May 12: Nursing Day, in the international year dedicated by WHO to the profession
Because their work is fundamental in society, because their care protects public health, because they put special effort into caring for those who need it most, because there are thousands of communities in the world where they are the only health reference for dozens of kilometers around... Since January 1 we have been living the International Year of Nursing and Midwifery Personnel and this May 12, like every year, is their day, a day marked on the calendar and chosen for being the day Florence was born Nightingale, the nurse considered the creator of the modern nursing model.
The 72nd World Assembly of the World Health Organization held in May last year unanimously agreed to declare 2020 as the International Year of the Nurse and Midwife. It thus highlighted the public recognition that the sector deserves for its important contribution to the health of society through its work in the field of care, research and health education and teaching.
The director general of the WHO himself, Tedros Adhanom Ghebreyesus, defended the proclamation of this world year, highlighting that without the work of these professionals “we will not achieve the Sustainable Development Goals or universal health coverage.”
In its institutional statement, the WHO summarized that nurses and midwives play "a crucial role in the delivery of health services, dedicating their lives to caring for mothers and children, administering life-saving vaccines, providing health advice, caring for the elderly and generally meeting essential day-to-day health needs. In addition, they are often the first and only place of care available in hundreds of communities. To achieve universal health coverage, the world needs nursing and midwifery increase by 9 million”.
At that time we were very far from even imagining that these professionals, and all of us, would experience an extreme situation due to an unimaginable pandemic in practically the entire world, which has had healthcare personnel as the main protagonist. Nurses have lived, and still live, this situation on the front line, in many cases, with more difficulties than those inherent to facing an unknown disease.
Fraternidad-Muprespa has 253 male and female nurses on staff whose work has always been the care and recovery of the health of protected workers. A few weeks ago this purpose changed for well-known reasons. La Mutua made its hospital in Madrid available to public health. Between March 22 and April 7, 21 COVID-19 patients with an average age of just over 84 years were admitted there.

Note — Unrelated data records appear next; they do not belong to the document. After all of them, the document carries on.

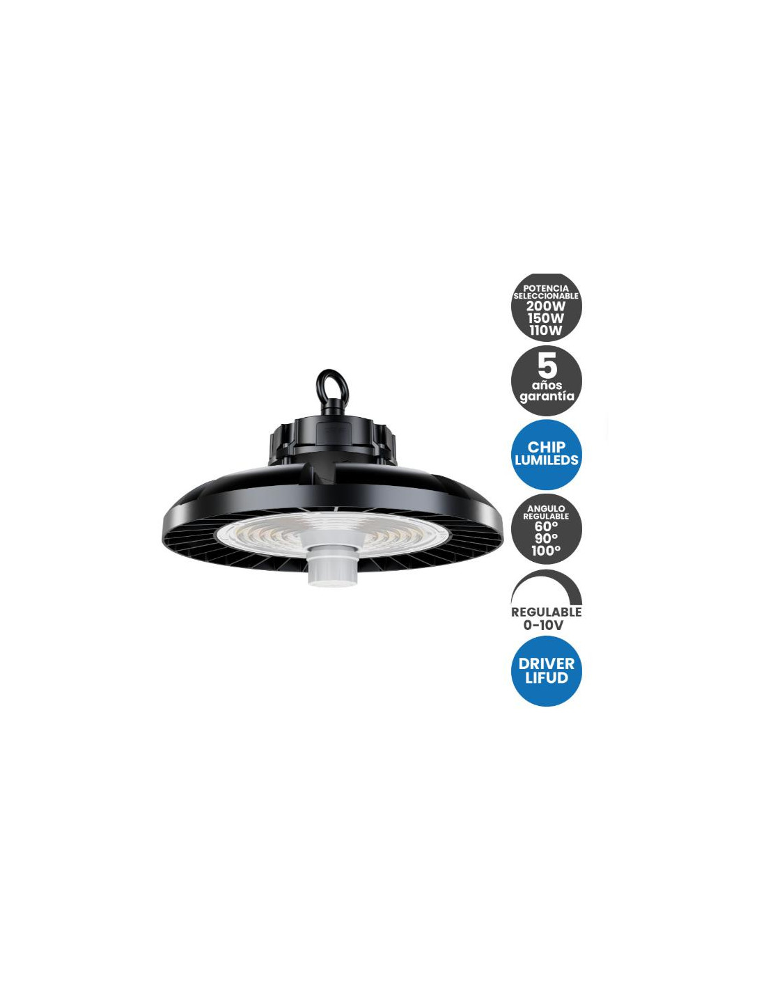 Campana Potencia y Angulo Seleccionable Regulable 0-10V Chip Lumileds Driver Lifud 5 años de garantiaPreparada para sensor de mo
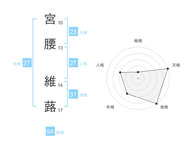 宮腰 維蕗さんを姓名の画数から五運を鑑定
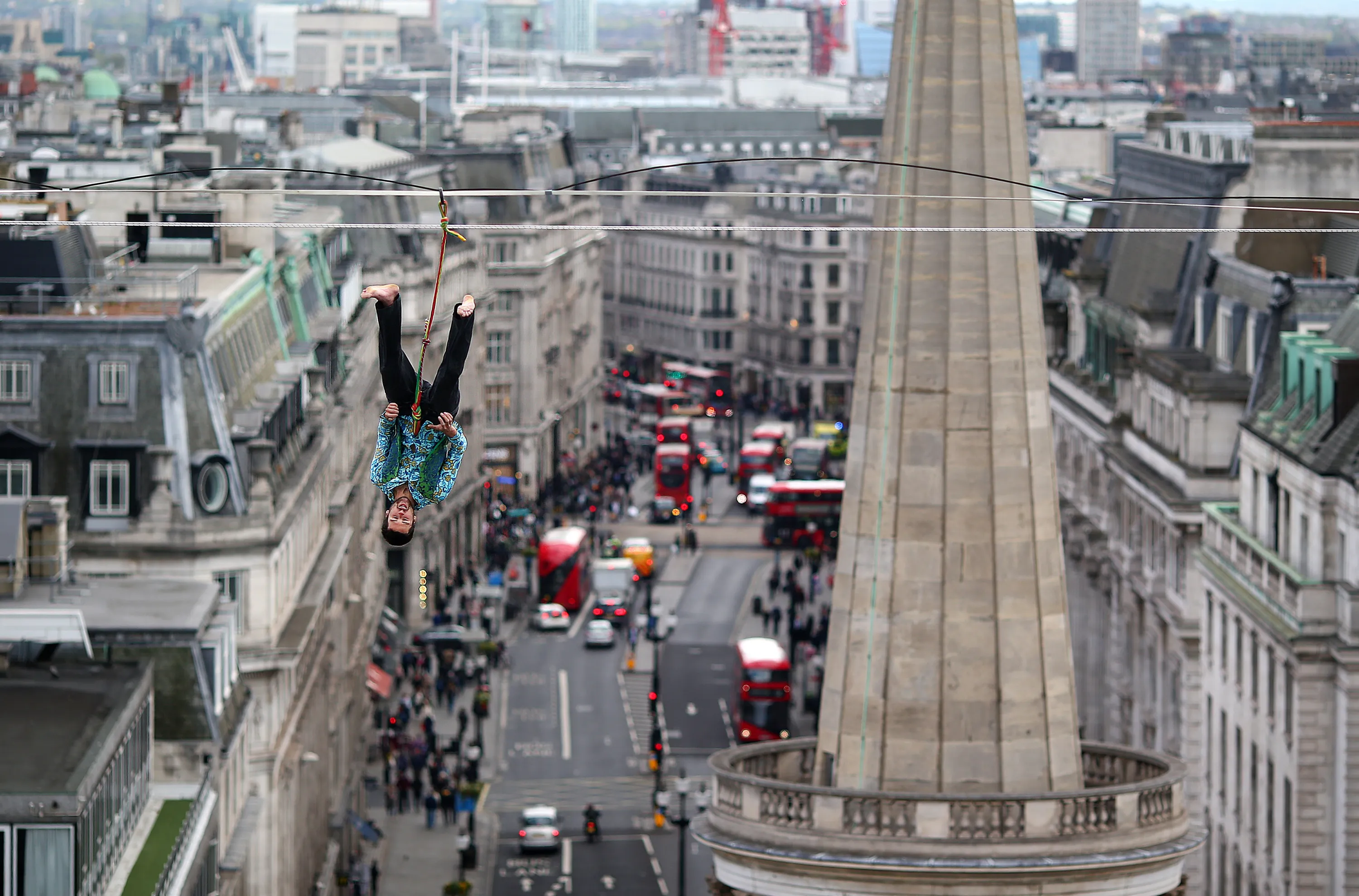 One of The Flying Frenchies, stars of the new film The Free Man, rehearse at BBC Broadcasting House on April 25, 2017 in London, England. (Photo by Charlie Crowhurst/Getty Images)

“Overnight we became a COVID Hospital, we changed circuits, schedules, there were no longer any services, operating room staff, emergency staff, hospitalization staff, consultation staff… we were a team willing to overcome it in the best possible way,” says Caridad Amador, nursing director of the Fraternidad-Muprespa Havana Hospital, who assures that, in the face of such complex experiences, They had the “support of the entire organization.”

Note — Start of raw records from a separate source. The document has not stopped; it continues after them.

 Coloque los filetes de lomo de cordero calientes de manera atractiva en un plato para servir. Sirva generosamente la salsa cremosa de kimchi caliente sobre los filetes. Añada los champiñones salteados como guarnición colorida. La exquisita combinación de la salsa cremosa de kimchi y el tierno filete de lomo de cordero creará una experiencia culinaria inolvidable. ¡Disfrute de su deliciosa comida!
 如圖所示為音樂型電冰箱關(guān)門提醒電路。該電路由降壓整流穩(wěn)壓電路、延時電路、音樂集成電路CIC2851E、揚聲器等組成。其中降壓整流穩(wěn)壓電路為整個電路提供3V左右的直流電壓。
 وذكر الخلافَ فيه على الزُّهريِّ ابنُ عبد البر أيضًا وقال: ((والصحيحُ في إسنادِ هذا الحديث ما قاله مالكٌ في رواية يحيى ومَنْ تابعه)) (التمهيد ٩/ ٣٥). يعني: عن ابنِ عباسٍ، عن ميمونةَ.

"It was not only about overcoming those exhausting seven-hour shifts with PPE on, but also about ensuring a correct evolution of the patients and giving them excellent treatment, giving them photos of their families, making a video call or congratulating them when they were discharged. Also when we accompanied a patient in their last days and made them feel calm," adds Amador, who highlights that "everyone's involvement and professionalism has been exceptional and will mark a turning point." and later in a hospital, which just completed one year open in the middle of the COVID period.”

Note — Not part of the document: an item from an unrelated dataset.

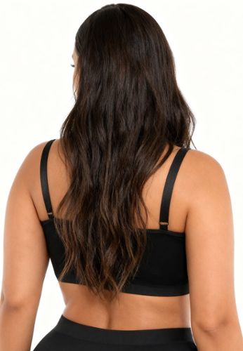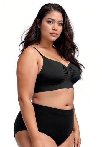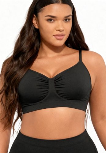 A black bra that does everything, effortlessly. The ruched front creates a naturally flattering shape, adjustable straps keep comfort dialed in, and high side panels help smooth the back line under clothes.
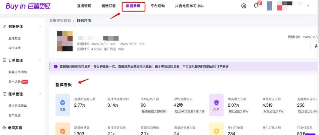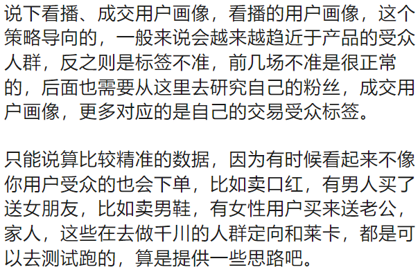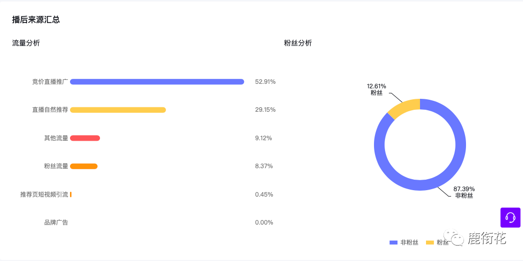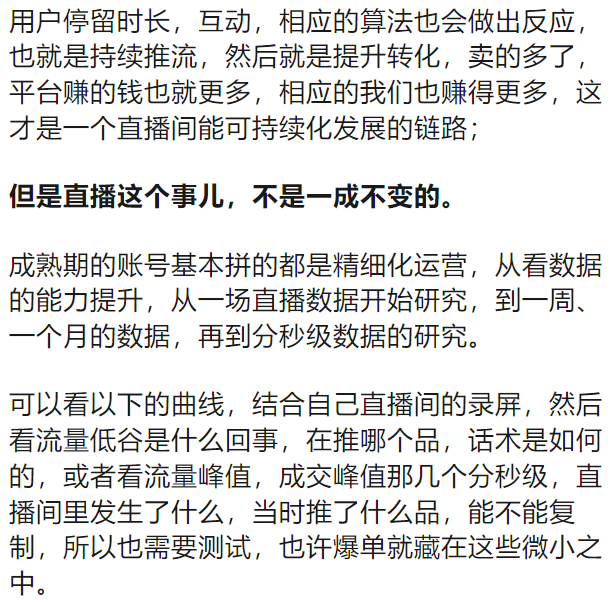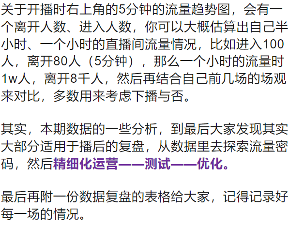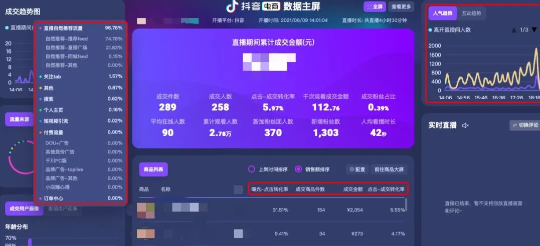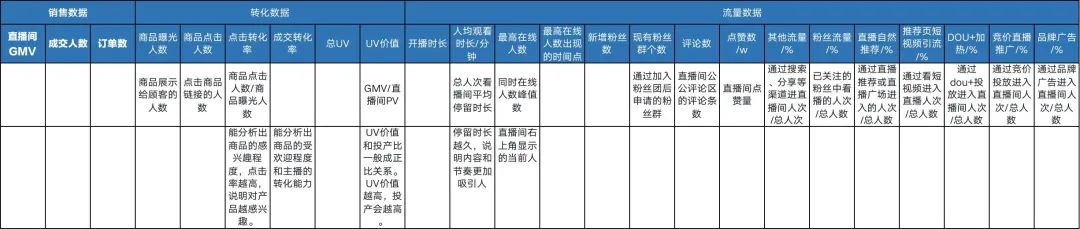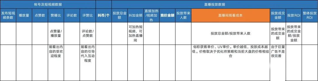 3、转化率,一般指进入直播间的人数和下单人数的比例,衡量“人货场”的指标;

Now, after the conversion into a COVID Hospital, “which has been a drop in the ocean despite how important we have been for those patients and families,” the center gradually returns to its usual activity, that of a hospital that cares for patients with occupational pathologies.
Nursing is the largest occupational group in the health sector, representing approximately 59% of health professionals. It is part of all health and disease processes: health education, prevention and health promotion, caring for patients at the bedside and palliating when it cannot be cured. "We are a group that is in high demand in the rest of the European countries due to the quality of our training, but there is still much to do. I hope that the situation we have experienced will help to improve some things, for example the improvement of the conditions of nurses in nursing homes since it has been shown that we are an essential group," summarizes the director of nursing, who also emphasizes the importance of "promoting the leadership of the sector and for nursing to be part of the political and health organizations of the countries. This way we will also be closer to achieving historical demands such as the specialization of nurses. If a doctor is no longer required to know everything, why is a nurse?'”
Returning to normal means recovering surgeries, diagnostic tests, emergencies... without forgetting the experience lived but with our feet on the ground. "We are not heroes. We are simply professionals who want to do our job in the best possible way."